Parsley Energy Misses on Earnings, $PE Loses Over 12% on The Day

Permian operator Parsley Energy $PE missed on the top and bottom line in Q2 earnings Wednesday with ot’s shares cracked further on the news, $PE was already down over 6%, after earnings it is now down over 12% on the day.

Parsley Energy $PE,  missed on the top and bottom line in Q2 earnings Wednesday with it’s shares cracked further on the news, $PE was already down over 6%, after earnings it is now down over 12% on the day. The company is focused exclusively on the Midland and Southern Delaware basins in the Permian. 

Parsley had a slight shift in production mix in 2Q17, with oil as a percentage of total production down from 69% to 67%, a function of contributions from recently acquired vertical production and seasonal increases in plant efficiencies that boosted the recovery of NGLs.

Earnings:  EPS of 5 cents on revenue of $213.6 million. Misses on both fronts, expectations were EPS 11 cents with revenue $222 million.

Reaction: Parsley Energy Inc NYSE: PE – After-hours25.79 –1.60 (-5.84%This was after closing down for the day at 27.39 –1.85 (- 6.33%). The stock is down over 12% on the day.



  • Net production averaged 64.7 MBoe per day, up 18% versus 1Q17 and 81% year-over-year.
  • Daily net oil production increased 14% versus 1Q17 and 82% year-over-year.

Balance Sheet and Hedging

As of June 30, 2017, the Company had approximately $1.5 billion of liquidity, consisting of $503 million of cash on hand and an undrawn amount of $997 million on the Company’s revolver.(2) Parsley added to its oil hedge portfolio during the quarter and now has an average of 58 MBbls per day of oil hedged during 2018 with an average floor price of approximately $50/Bbl.(3) “Parsley Energy continues to operate from strong financial footing,” said Ryan Dalton, Parsley’s CFO. “A differentiated cash position and an advantaged hedge book provide a buffer if oil prices decline and facilitate strategic growth in more constructive commodity scenarios.”

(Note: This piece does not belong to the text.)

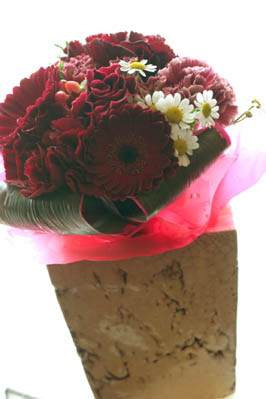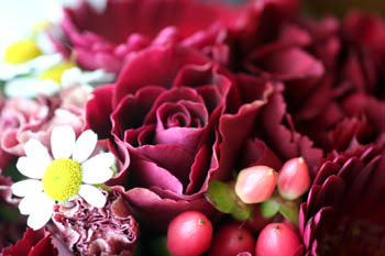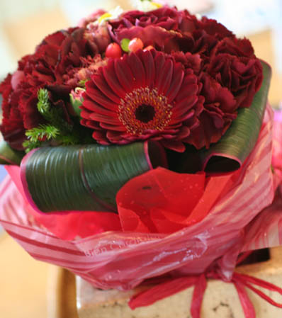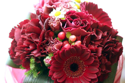 バラやガーベラ、カーネーションが全てこの深い赤です。

  • Parsley is increasing guidance for full-year 2017 and 4Q17 daily net production, reflecting broadly stronger well performance and higher NGL volumes.
  • The Company is reducing its estimated full-year 2017 oil percentage to account for its 2Q17 production mix, as discussed above, and for increasing contributions from Wolfcamp C wells.
  • Parsley is also reducing its expected completion count in the Southern Delaware Basin to reflect extended project cycle times earlier this year.
  • Estimated full-year 2017 capital expenditures are unchanged, as fewer expected completions are offset by incremental drilling activity associated with early rig delivery. All other guidance remains unchanged, as well.